Wire cutter: It looks like  the wire cutter/slicer of the Caterpillar is braced with metal, possibly stainless steel, on both sides vs. the Hercules wire cutter which is braced with the same material as the base on one side vs. metal(?) on the other side.

Cutting guide ruler: The little ruler is shown with the Caterpillar but I didn’t notice it in any of the photos of the Hercules although it does look like there’s a place for it on the Hercules.

It took me a bit to figure out why they posted the photos that show the handle part of the cutter/slicer under the base.  I guess that positioning is the key to cutting a tall slab.  So, am I correct in thinking I would be able to cut a 10” square slab @3.5” with either of the models?

I assume the Caterpillar is heavier and also a bit more stable with the three feet.  Do the feet on either model have anti-slip pads?


----------



## dibbles (Jul 24, 2022)

Mobjack Bay said:


> the specs state adjustment to 1/8“ increments for the Caterpillar


This is correct


Mobjack Bay said:


> It looks like the adjustment notches on the Caterpillar are machined in a stainless steel(?) plate


It is 


Mobjack Bay said:


> It looks like the wire cutter/slicer of the Caterpillar is braced with metal, possibly stainless steel, on both sides


It is


Mobjack Bay said:


> It took me a bit to figure out why they posted the photos that show the handle part of the cutter/slicer under the base. I guess that positioning is the key to cutting a tall slab. So, am I correct in thinking I would be able to cut a 10” square slab @3.5” with either of the models?


Yes


Mobjack Bay said:


> I assume the Caterpillar is heavier and also a bit more stable with the three feet. Do the feet on either model have anti-slip pads?


There are silicone (?) pads on the bottom of the feet. I weighed it - a little over 4.5 lbs. I already forgot the exact weight . The cutter weighs about a pound. I can weigh it again (and write it down) if you want more exact weights.

As far as the cutting aspect, I still prefer my single wire cutter. If I didn't already have a wire cutter, this would work well and I wouldn't feel the need to buy one.

You do really need this. Ask @AliOop if you need a second opinion.


----------



## AliOop (Jul 24, 2022)

Great summary, thank you @Mobjack Bay! Yes, by putting the handle under the base, rather than over, you can cut slabs of any height because the handle is out of the way. My slab mold is 9.25" on the longest side, but I could easily cut something twice that height if I needed to do so.

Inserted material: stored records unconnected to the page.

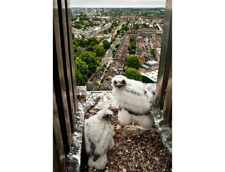 Peregrine Falcon chicks nesting in a London high-rise
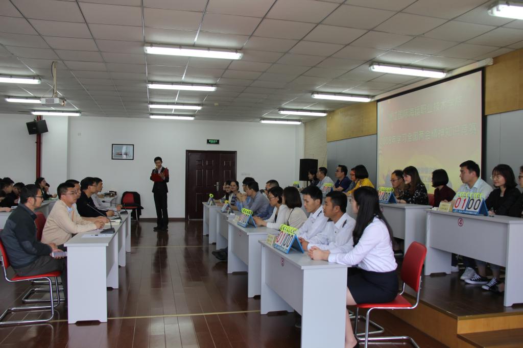 为了认真学习贯彻2018年“两会”精神,引导全校教职员工关注国家时政热点,全面把握党情和国情,深入理解习近平新时代中国特色社会主义思想,进一步坚定马克思主义信仰,更好服务我校“两个高质量”建设。5月9日下午,由校工会、宣传部主办,船舶工程学院工会承办的全国“两会”知识竞赛在国际海员培训楼三楼会议室举行。学校党委副书记胡国光、工会主席刘相等参加。
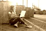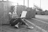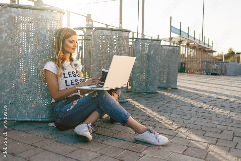 Young woman in white T-shirt with word "less" working for laptop and drinking coffee
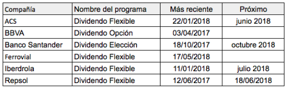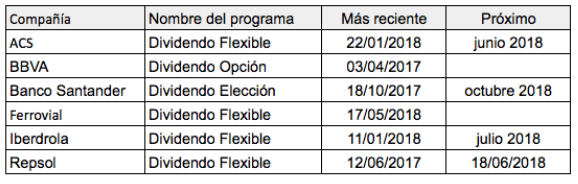 Compañías del IBEX 35 que recientemente han ofrecido un programa de estas características a sus accionistas son las siguientes:
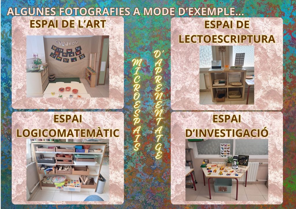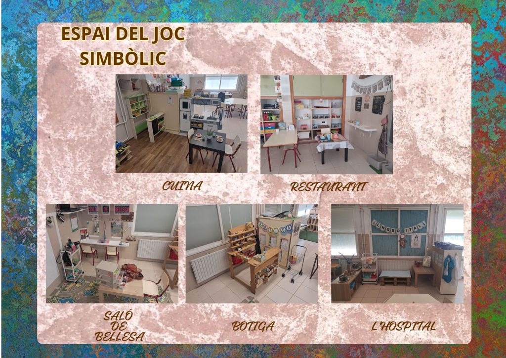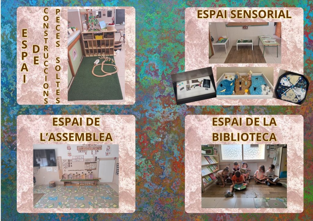 Com que la nostra escola és un centre no disposa de molts espais, per poder dur endavant els ambients d’educació infantil hem hagut de crear espais polivalents amb la finalitat de poder utilitzar els espais disponibles per a diferents usos. D’aquesta manera els ambients que hem dut a la pràctica s’han pensat desenvolupar als següents espais:
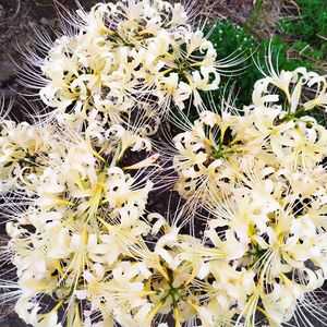 こんにちは🌈 🤍彼岸花(曼珠沙華)です。 散歩道に赤と白の縁取りの彼岸花と並んで咲いていました。とても綺麗でした🤍🤍🤍 少し、クリーム色にも見えました✨💖✨
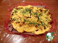 Готовый омлет выкладываем на белую рыбу. |
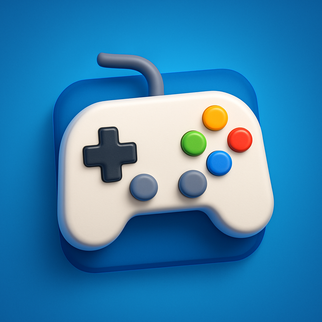 Stylized 3D icon of a game controller set against a blue background, ideal for gaming apps and platforms. The design features bright colors and a playful aesthetic.

The Hercules does come with anti-slip feet and a ruler. The ruler is the only part of the engineering that I find less than perfect. There is nowhere to store it on the machine where it will stay put. When laid in the little track created for it, it moves or falls out as you slide the slab through for cutting, or if you move the cutter around your soaping area. I use double-stick Scotch tape on the bottom to hold it still, but that only lasts for a few washes before it comes loose. I don't want to glue it permanently because it's handy to use for measuring cuts.

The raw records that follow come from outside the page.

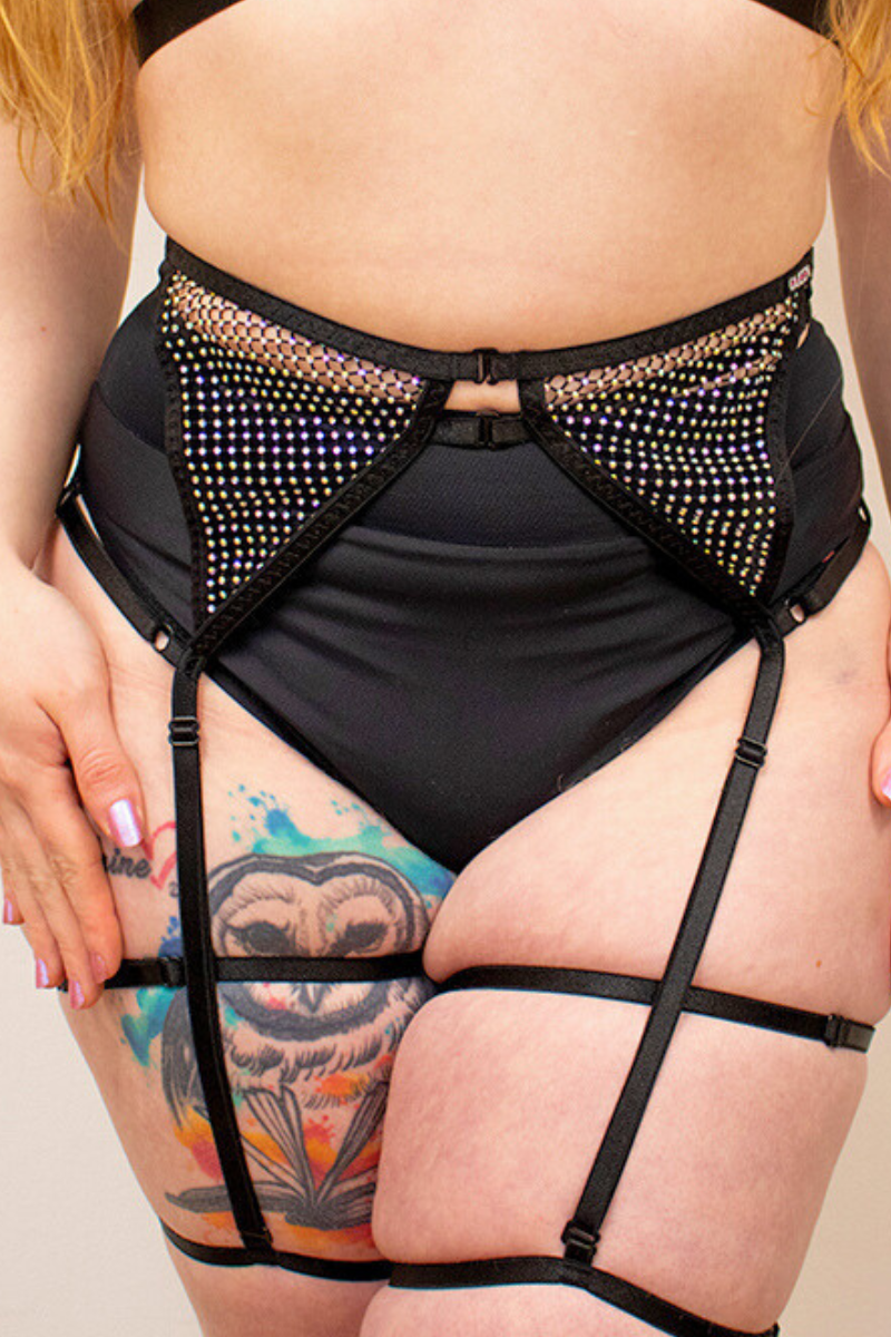Succumb to the addictive allure of the Queen Garter Belt in Opium. This seductive accessory boasts adjustable elastic straps and a convenient front clasp for a flawless fit. Enhance your pole dance attire with its empowering charm, adding a daring touch to your look and making every performance irresistibly captivating.
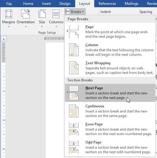 Bước 2: Chọn thẻ Layout, Next Page trong mục Section Breaks từ trình thả hiện ra sau đó.
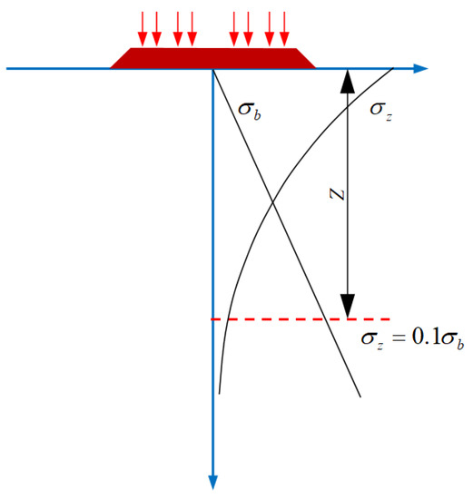 Discriminant conditions. Disturbance depth is related to the foundation type and load size. Combined with domestic and foreign research results and engineering experience, it can be determined that when the additional stress, of a traffic load in the foundation is lower than 10% of the self-weight stress, of soil (presented in Figure 3), it is considered that the additional stress will no longer affect the deformation of soil at this depth and below [28], and depth Z can be taken as the disturbance depth of the traffic load.
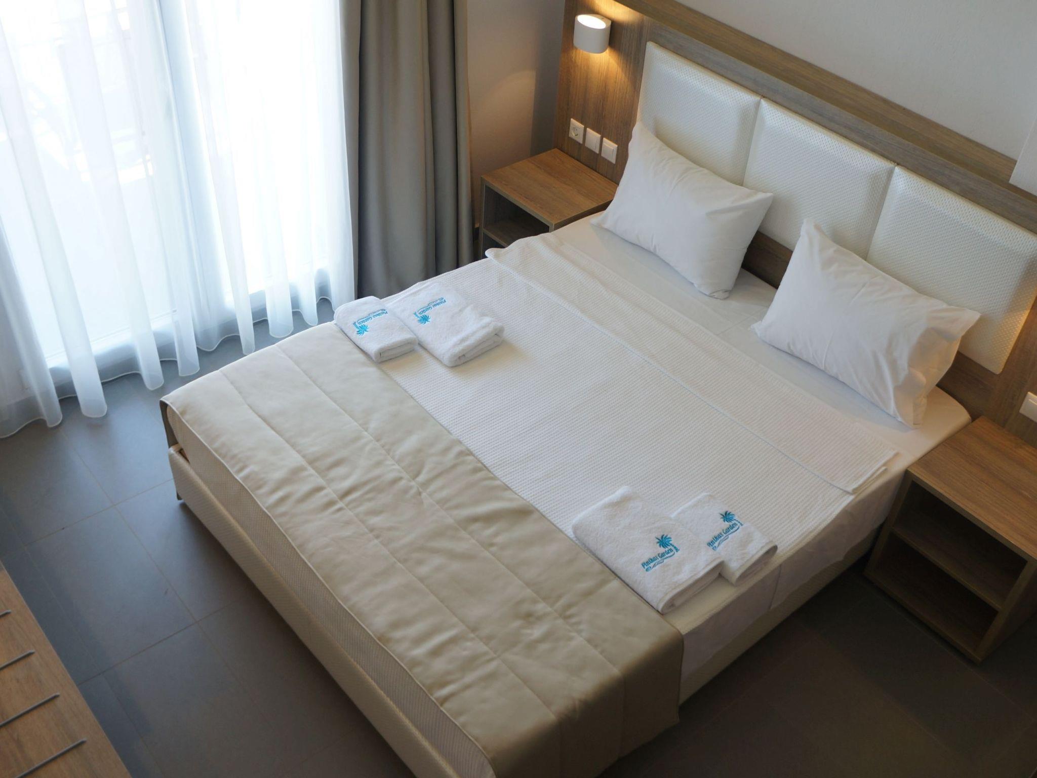 Family flat with shared swimming pool and children's playground In the middle of a green oasis, quietly located in Nikiti Beach, Sithonia, Chalkidiki are the flats with palm garden, swimming pool with baby pool, children's playground and private parking. The beach is 150 metres away. The marina is 600 metres away, as are tavernas, supermarkets, cafes, boutiques and all the entertainment you need. The flats are family-friendly and are located away from the main traffic, yet within easy reach of the main road.

I do have some buyer's remorse about not getting the Caterpillar with its ⅛" cutting increments. Given the size of my slab mold, I need to use cardboard every time to achieve even bars. That works, but it's fiddly. TBH, I'd rather have spent the money on the Caterpillar. Y'all may remember that I ended up buying the Cheshire Cat with my Hercules, because it was practically free due to bumping the total purchase into the free shipping zone. But I rarely use the CC and would definitely have benefited from the Caterpillar's ⅛" slots. Oh well.

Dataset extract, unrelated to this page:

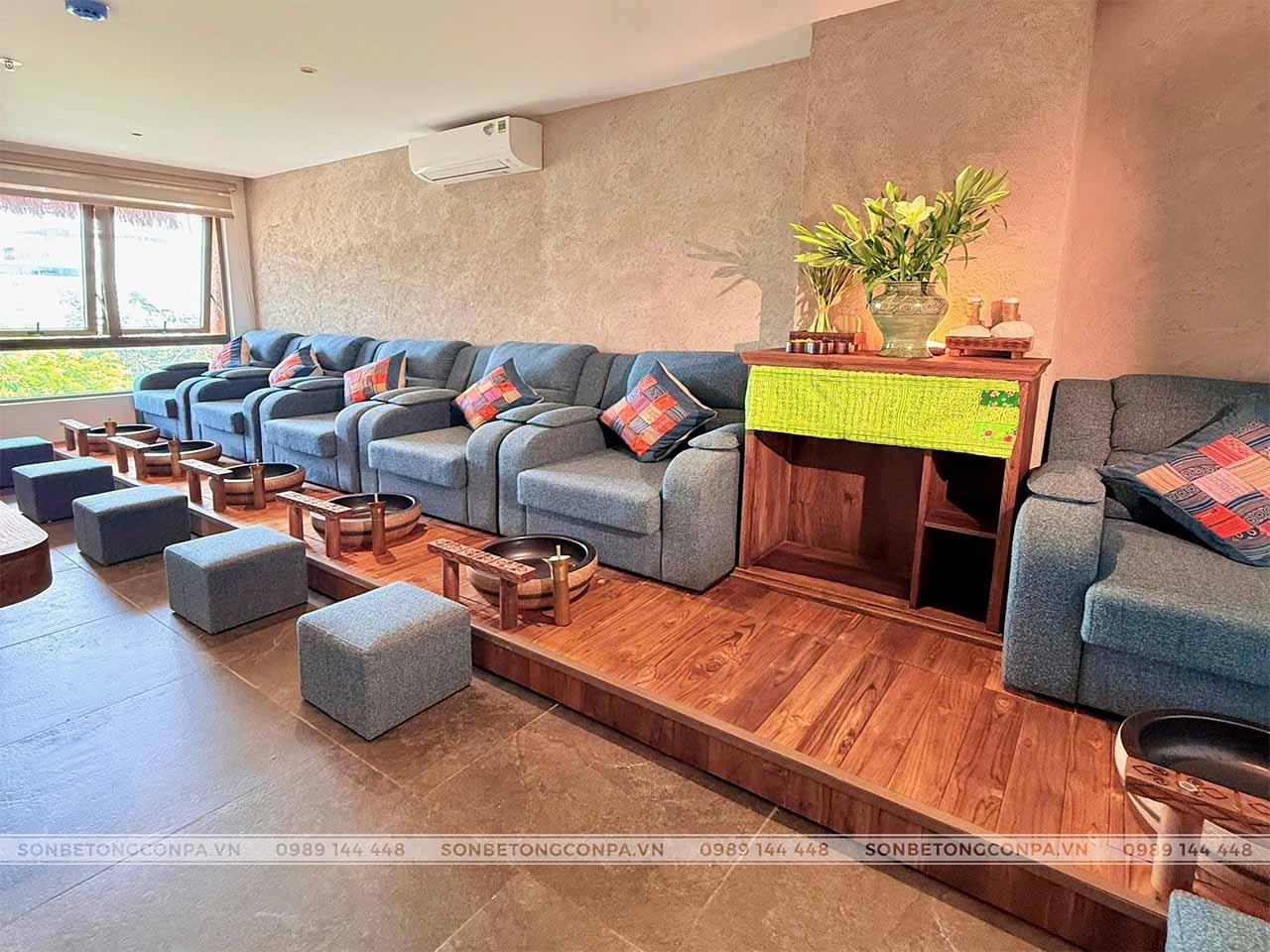 Không gian mặt tiền sử dụng sơn rơm đất Conpa tạo nên cảm giác gần gũi ngay từ ánh nhìn đầu tiên – tinh tế nhưng không phô trương, đủ cuốn hút để khách dừng lại, bước vào và trải nghiệm. Đây chính là lựa chọn lý tưởng cho những spa theo đuổi phong cách tự nhiên – chữa lành – tối giản, nơi mỗi chi tiết đều hướng đến sự cân bằng cả về thị giác lẫn cảm xúc.

PS: @dibbles is right - you do need this!


----------



## dibbles (Jul 24, 2022)

The 1/8" spacing is why I ultimately decided to order the Caterpillar.


----------



## AliOop (Jul 24, 2022)

Had I picked up on that difference at the time, I definitely would have done the same!


----------



## Mobjack Bay (Jul 24, 2022)

Thanks you two!  I was already leaning towards the Caterpillar and I’m getting ever closer.


----------



## AliOop (Jul 24, 2022)

Mobjack Bay said:


> Thanks you two!  I was already leaning towards the Caterpillar and I’m getting ever closer.


Let us know how we can push you over the edge, er, encourage you.


----------



## Mobjack Bay (Jul 25, 2022)

I’m in the queue!


----------



## dibbles (Jul 25, 2022)

Yay  - you will love it!

@AliOop our work here is done


----------



## AliOop (Jul 25, 2022)

dibbles said:


> Yay  - you will love it!
> 
> @AliOop our work here is done


Teamwork at its best!


----------



## SoapM0m (Jul 25, 2022)

Yes I love my caterpillar too! I've had mine for almost a year now. The only comment I have to add is that yes, it does have anti-slip pads.


----------



## Mobjack Bay (Aug 12, 2022)

Guess what arrived today? I feel a strange urge to make a lot of large slabs this weekend .


----------



## earlene (Aug 23, 2022)

dibbles said:


> I bought myself a caterpillar as a birthday gift this year a





WhittanyWho said:


> I ordered





SoapM0m said:


> I bought mine almost a year ago and it *is* impressive still!! I really love it.





AliOop said:


> Great summary, thank you @Mobjack Bay! Yes, by putting the handle under the base, rather than over, you can cut slabs of any height because the handle is out of the way. My slab mold is 9.25" on the longest side, but I could easily cut something twice that height if I needed to do so.
> 
> The Hercules does come with anti-slip feet and a ruler. The ruler is the only part of the engineering that I find less than perfect. There is nowhere to store it on the machine where it will stay put. When laid in the little track created for it, it moves or falls out as you slide the slab through for cutting, or if you move the cutter around your soaping area. I use double-stick Scotch tape on the bottom to hold it still, but that only lasts for a few washes before it comes loose. I don't want to glue it permanently because it's handy to use for measuring cuts.
> 
> ...





Mobjack Bay said:


> Guess what arrived today? I feel a strange urge to make a lot of large slabs this weekend .
> 
> View attachment 68207
> 
> View attachment 68204


I have a question for the Catapillar users, as well as for AliOop with the Hercules:

Do any of you notice a rocking motion when the cutter is on the counter due to one set of feet being shorter than the other sets of feet?   In other words, do all the feet all contact firmly on the counter/table to create a completely level cutter (that does not rock when one end is weighted down with pressure)?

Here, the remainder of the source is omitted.